Tyler Colvin (12%): With injuries plaguing the Rockies, Colvin will see an even more important role for the foreseeable future. Since being recalled from the minors, he’s batting .304 with three homers, nine RBI, and seven runs in 23 at-bats. Colvin batted .290 last season with 18 HR and 72 RBI in 420 at-bats and hit nine homers over 55 games during his minors stint so he’s definitely worth a shot.
Corey Kluber (14%): After a lousy effort in 2012 (2-5, 5.14 ERA, 1.49 WHIP) and seven mediocre years in the minors (44-50, 4.42 ERA, 1.41 WHIP, 9.1 K/3.6 BB) Kluber is suddenly a fantasy commodity. He currently stands at 5-4 with a 3.58 ERA, 1.18 WHIP, 65 K/12 BB. I have trouble seeing him keep his run total down over a full season but his strikeouts make him a worthwhile pickup while he’s playing well. Over his last five starts he has put up a 1.76 ERA, .213 BAA, and 32 K/6 BB in 30.2 IP. Still, he gives up too many hits (9.0/9 this season, 10.9/9 last season) and his walks (1.7/9) are considerably down from his usual. After this hot streak is over and that WHIP levels out, so will the ERA.

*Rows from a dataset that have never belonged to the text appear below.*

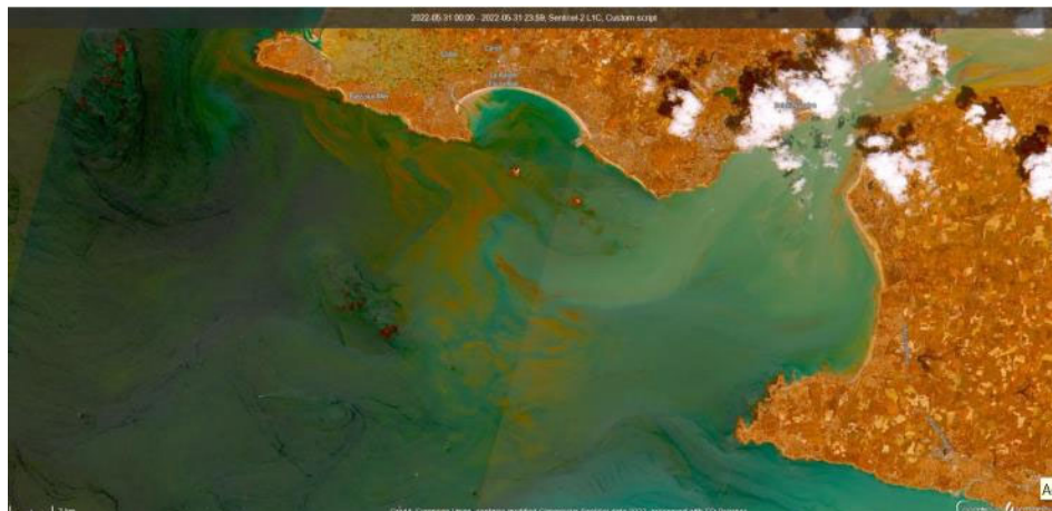
Image Sentinel-2 en fausses couleurs en sortie d'estuaire de Loire le 31 mai 2022 , Source : Pierre Gernez, ISOMer, Nantes Université.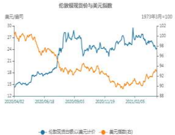
图14: 白银与美元指数相关性走势图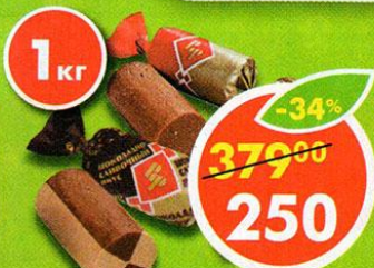
КОНФЕТЫ БАТОНЧИКИ; БАТОНЧИКИ, сливочно-шоколадные, РотФронт, 1 кг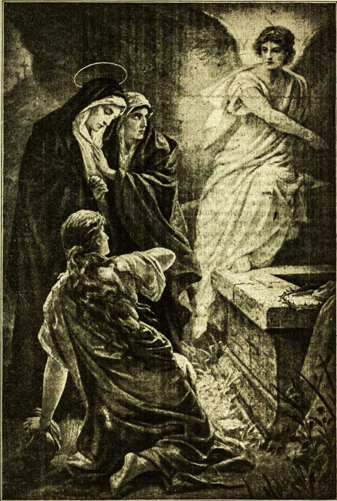
„KRISTUS KELES, NĒRA CIA JC — STAI VIETA, KAME BUVO PAGULDYTAS”.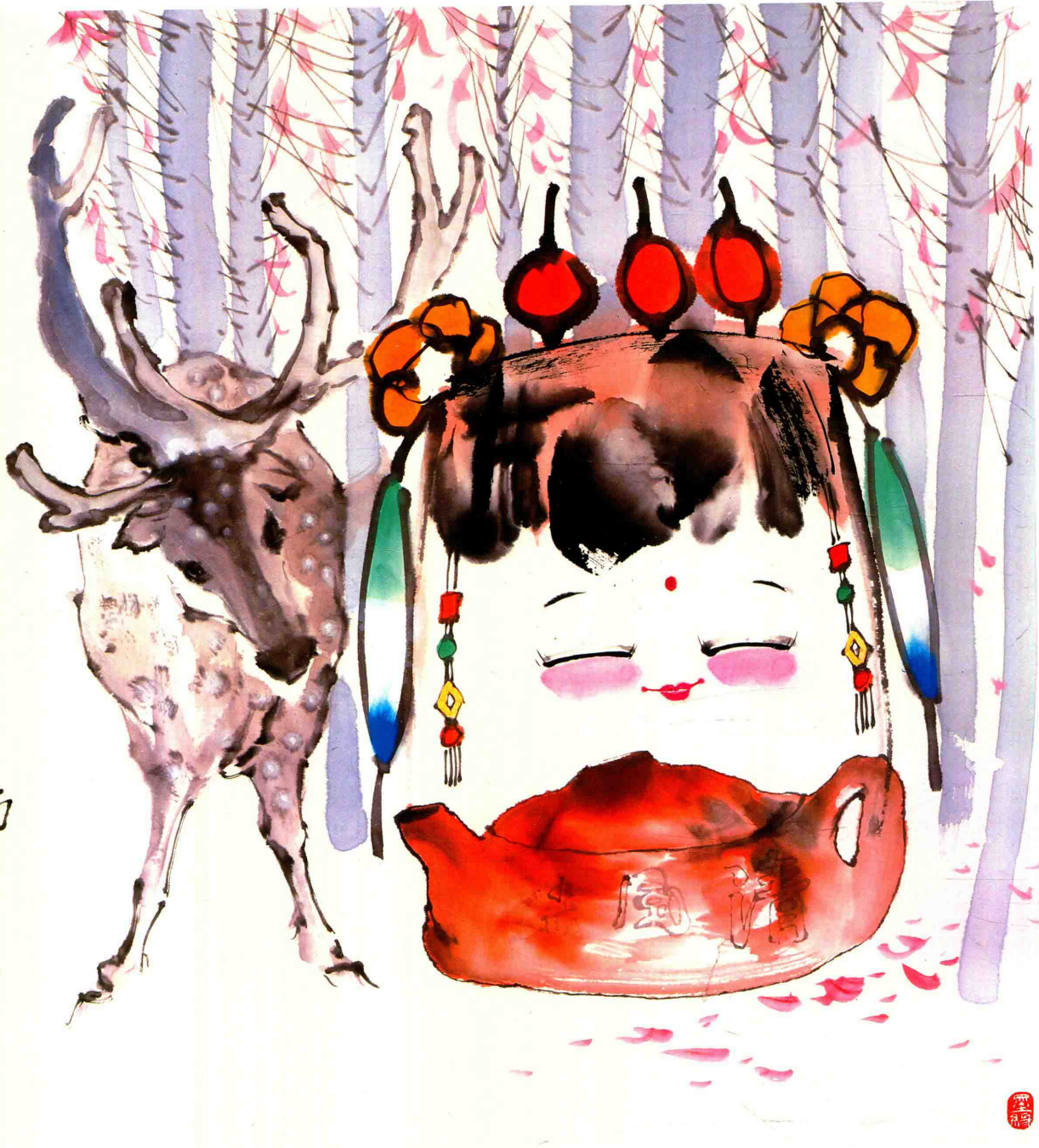
© 童梦北国 2018年 纸本设色 67cm × 67cm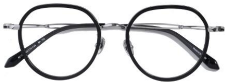
黑白金BK102 Black silver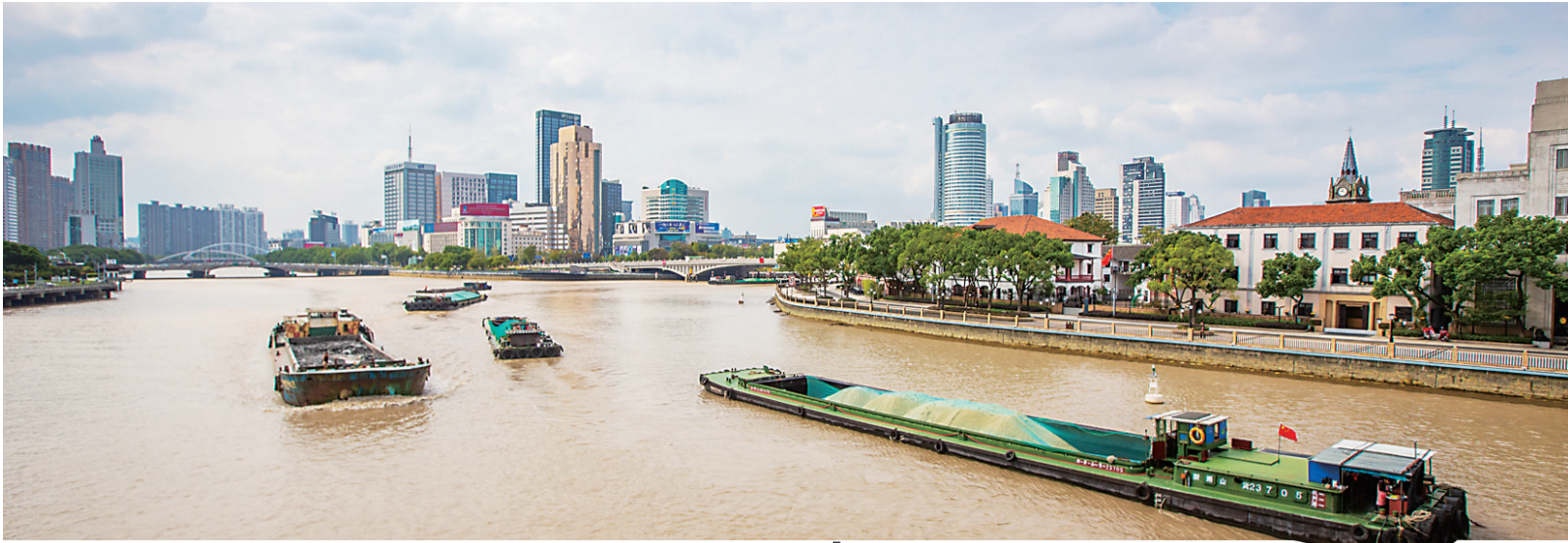
航行在三江口的货船。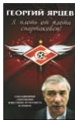
Матвеев А. Георгий Ярцев. Я плоть от плоти спартаковец. М.: Эксмо, 2012. — 288 с. — (Спорт в деталях).

6 Когда-то спартаковцев было не остать — они на всех парах мчались в высшую лигу. Тогда, в середине и конце 1970-х, за лучший столичный клуб играл он, «быстрый, резкий, техничный, всегда нацеленный на ворота соперников», лучший бомбардир первенства — Георгий Ярцев — в будущем главный тренер красно-белых, победитель чемпионата страны и прекрасный рассказчик.

Jason Castro (30%): I haven’t been too inclined to pick up the former top 100 prospect, likely because I share most people’s distaste for Astros’ players, but his sudden explosion of power has gotten me interested. Over his last 10 games, Castro has added three homers, six runs batted in, five runs, and three doubles, bringing his totals to .270, 10 HR, 23 RBI, 29 R, 18 2B. It’s not that impressive and but homers at catcher are usually a rarity. Either way, I don’t buy it, he has already matched his minor league and Major League career high of 10 HR and he’s only a short-term pick-up right now while he’s hot. SJN’s AccuScore projections have him at .255 BA, 10 HR, 26 RBI the rest of the way which sounds about right, I’d give him a couple less home runs.